In the coming decade, the ability to analyse data and gather actionable insights from that data will be one of the key skills that every organisation will start to want to grow. According to Sean, data and data analytics with the advances in machine learning are powering what organisations can do with those insights and will have a huge impact in the next 10 years. However, what is key is that in different organisations with different industries, there might be circumstance that makes it the right time to heavily invest and grow those skills or not. The larger focus however is on today's needs. Each organisation is different, and is at different stages now its evolution in its different industries will look at different technologies and know that it is the right time for them to start building those skills and capabilities.

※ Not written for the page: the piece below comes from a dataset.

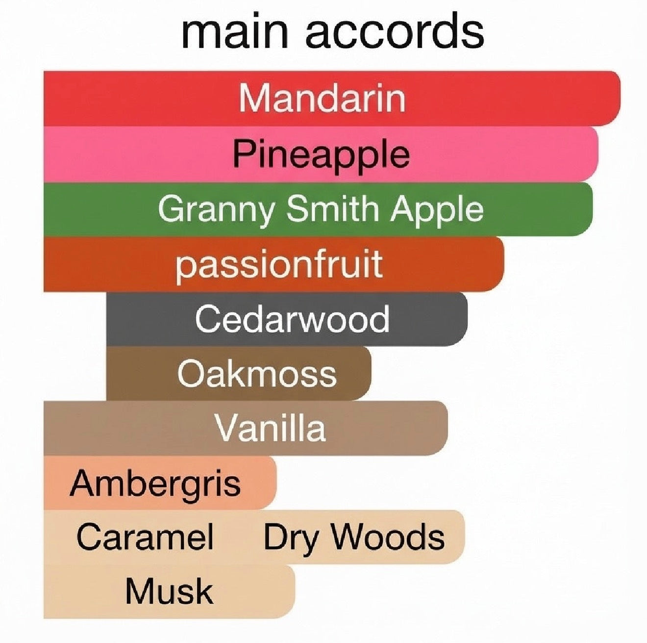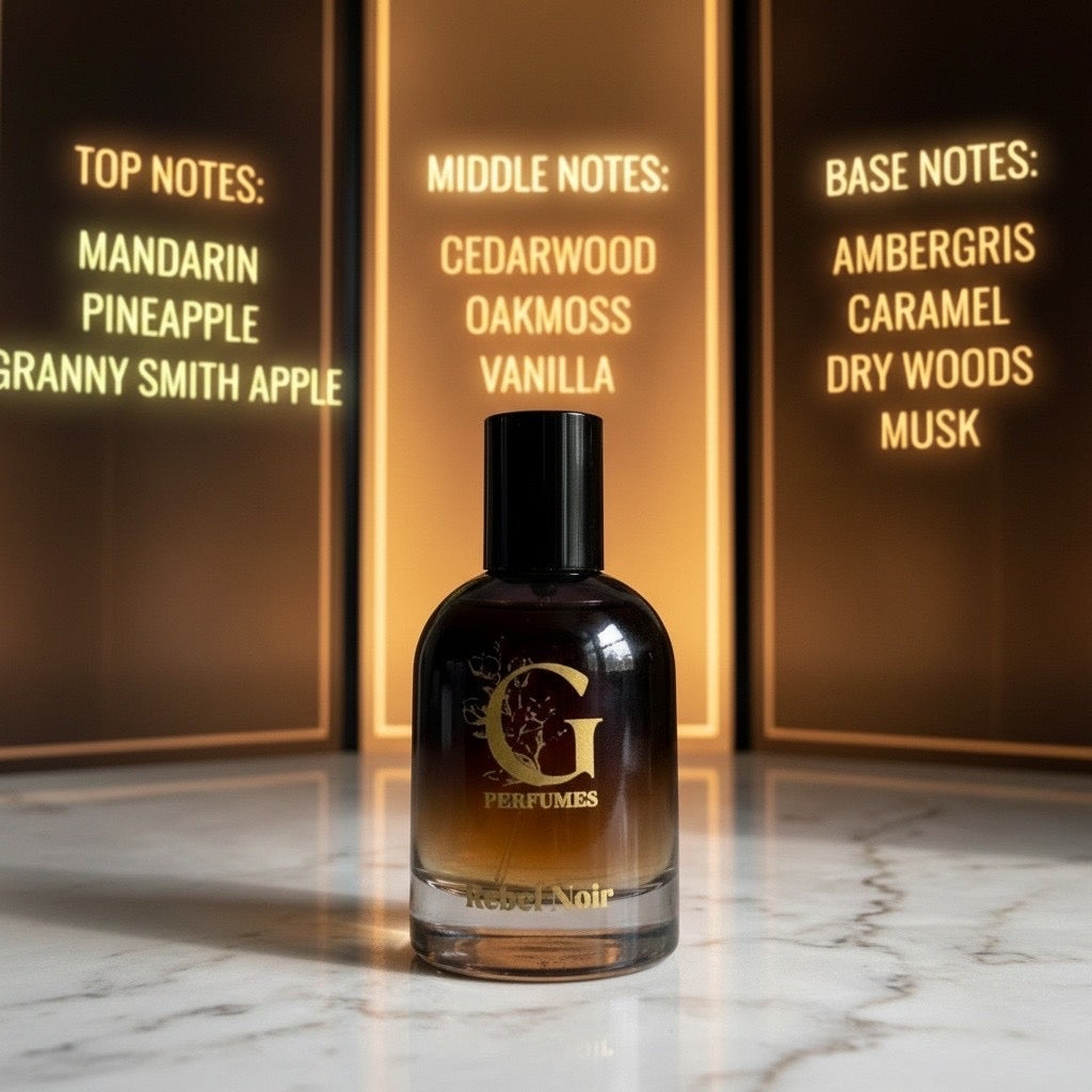Rebel Noir is a daring fusion of contrasts, bursting with zesty mandarin, sweet pineapple, and crisp Granny Smith apple upfront. As it evolves, cedarwood and oakmoss add earthy depth, softened by warm vanilla. The base notes of ambergris, caramel, dry woods, and musk create a sensual, addictive trail – perfect for those who live on their own terms.

Sean then moves on to talk about how organisations can position their business for the 4th industrial revolution. For any organisation, it all comes down to balancing what they need to do for today, with what they need to ensure they are future-ready. It is key that organisations can look and do things differently from how they looked at them before. Having that open mindset and that growth mindset and a willingness to try things is critical in every organisation.
The conversation then looked at how Sean believes people will interact with and leverage this revolutionary change. Many organisations struggle with taking people on the journey and find that it is the most challenging part. In many cases, this can be because people don’t like change and therefore find it hard to get people to step into the unknown. Some companies look at writing capability frameworks which are all about the attitudes and the approaches you want people to take. This should be given to employees to say, this is how we want you to behave in this company and to then take risks, compared to the way they would have worked or done things in their previous careers.

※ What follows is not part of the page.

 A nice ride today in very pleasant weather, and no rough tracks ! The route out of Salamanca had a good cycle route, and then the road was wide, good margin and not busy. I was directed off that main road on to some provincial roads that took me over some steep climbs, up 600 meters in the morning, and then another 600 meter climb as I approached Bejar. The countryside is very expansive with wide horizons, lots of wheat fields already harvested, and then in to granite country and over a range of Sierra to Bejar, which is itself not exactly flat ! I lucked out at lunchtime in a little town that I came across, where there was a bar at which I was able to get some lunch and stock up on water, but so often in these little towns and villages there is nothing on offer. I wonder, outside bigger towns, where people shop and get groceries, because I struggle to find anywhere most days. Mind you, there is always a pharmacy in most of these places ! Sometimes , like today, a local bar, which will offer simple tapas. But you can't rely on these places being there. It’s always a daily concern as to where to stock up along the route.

Sean also mentions how asking leaders to coach people around behaviours is essential. This culture of working in an agile and experimental way and testing out a new hypothesis for working is key. Having robust processes for after-action reviews to say what did we learn through the experiment is important. Testing things with small-scale experiments helps companies find things that worked so then they can do more of these things to work with them and then scale them. Therefore, having that process of allowing people to take risks to move forward quickly is extremely beneficial for organisations.
In summary, as change is constantly evolving, it is vital that firms can position themselves in the right way so that they are future-ready and able to grow.